I understand that some capchas also allow for scanned documents to be turned into text - so at times, you are not only solving a capcha, but also transcribing part of a scanned document. Talk about crowdsourcing!

Anonymous said...

I want to illustrate that people's understanding of the state of the art of computing is behind the curve.

Regarding the earlier suggestion "`which direction is opposite of north" or a simple math problem,'" I introduce Wolfram Alpha which can already solve it. If you query 'opposite of north' into it, you get unambiguously the following:

Input interpretation:
north (English word) antonym. Result: south.

And it does hard math problems as well. Entering "int sinx/x dx" gives all kinds of solutions like definite integrals, indefinite integral, graphs, power series etc.

Another example:
"population of algeria at jfk assassination." Answer in 3 seconds: 11.2million

OR "high tide in los angeles at full moon next month." Ans: +3.6feet

Mark Bahner said...

Hi,

There are different levels of capchas. Roger Pielke Jr's blog's capchas are virtually impossible.
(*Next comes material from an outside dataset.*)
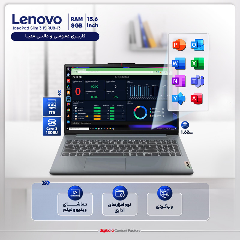 متاسفانه این کالا در حال حاضر موجود نیست. میتوانید از طریق لیست بالای صفحه، از محصولات مشابه این کالا دیدن نمایید.لپتاپ لنوو مدل IdeaPad Slim 3 15IRU8 با وزن 1.62 کیلوگرم به خوبی میتواند نظر دوستداران لپتاپهای سبک را جلب کند. این لپتاپ در بخش مشخصات سختافزاری به پردازنده Core i3-1305U اینتل مجهز شده که یک پردازنده 5 هستهای متشکل از ( 1 هسته Performance و 4 هسته Efficient) با 6 رشته موازی است که نهایت فرکانس کاری 4.5 گیگاهرتز و 10 مگابایت حافظهنهان یا کش آن را همراهی میکند. نبود تراشهگرافیکی مجزا تکلیف خریداران را با این لپتاپ روشن میکند. تراشهگرفیکی یکپارچه UHD اینتل گزینه خوبی برای کارهای عمومی و روزمره است و نباید از آن انتظار پردازشهای سنگین گرافیکی را داشت. مقدار هشت گیگابایت رم LPDDR5 با سرعت 4800 مگاهرتز و البته یک ترابایت حافظهداخلی از نوع SSD NVMe با رابط PCIe 4.0 روی این مدل نصب شده است. در بخش نمایشگر با پنل 15.6 اینچ TN روبرو هستیم که روکشمات و نهایت روشنایی 250 نیت، عملکرد قابلقبولی را ارائه میکند. لنوو در بخش صدای خروجی کمکاری نکرده به طوری که دو اسپیکر استریو با توان 1.5 وات، صدای دالبی را به گوش میرساند. تاچپد بزرگ با پشتیانی از چندلمس همزمان و البته کلیدهای مخفی یا Mylar surface، وسعت مناسبی از عملکرد را در اختیار کاربر قرار میدهد. پورتهای ورودیوخروجی کامل و باتری 47 واتساعت از دیگر مشخصات لپتاپ لنوو مدل IdeaPad Slim 3 15IRU8 است. لازم به ذکر است این لپتاپ توسط شرکت واردکننده کاستوم شده و برخی از مشخصات آن ارتقا یافته است.

The Frontier webmail's capchas are fairly easy.

My recommendation would be to try to find capchas that are fairly easy (for a human).

Mark Bahner said...

I'd be interested to know whether computers could answer questions about pictures. Like if there was a smiley face and asked, "What is this person doing?"

Or if one showed a cartoon of cactus and a daisy, without saying what they were, and asked, "Which has sharp needles?"

Or a cartoon of the moon (craters) and sun (rays) and the moon was pink, and asked, "What color is the moon?"

Or showed a triangle, a square, and a circle, and asked, "Which has the fewest sides?"

I don't think computers would be good at that.

DarQ DawG said...

I posted something about using honey pot traps to catch spam bots in the comments under your Economists and Virtual Worlds post.

I'll post it again here:

http://graphiclineweb.wordpress.com/2012/02/26/honeypot-your-blog/

Now I'm not exactly sure how to use it specifically in the comments section, but I'm sure Project Honeypot has information on it.

Obviously, it won't stop human spammers, but neither will CAPTCHA.

I hope this helps.

Robert Wenzel said...

Read your comments in blogger, as opposed to emails, that way you can scroll down them quickly and even delete spam.

Izzy said...

I agree that Captchas are problematic. I am dyslexic and letters dance and wriggle around as it is let alone when they are twisted into a captcha! As for the audio, that beached whale/dalek symphony is almost worse!

Has anyone here tried captcha bypass browser extensions? I have started using one called rumola and it seems really reliable and effective and is certainly solving my captcha woes!

Kid said...

@Mark Bahner One of the simplest ways to bypass captcha systems is to build a database of questions and answers. Such a database is cheap to build and could easily have millions of entries. For this reason, Blogger's captchas are generated by an automated process capable of creating a very large number of unique images. Your suggestion works so long as you only need a small number of different questions. For a high profile target like Blogger it is not an appropriate defense.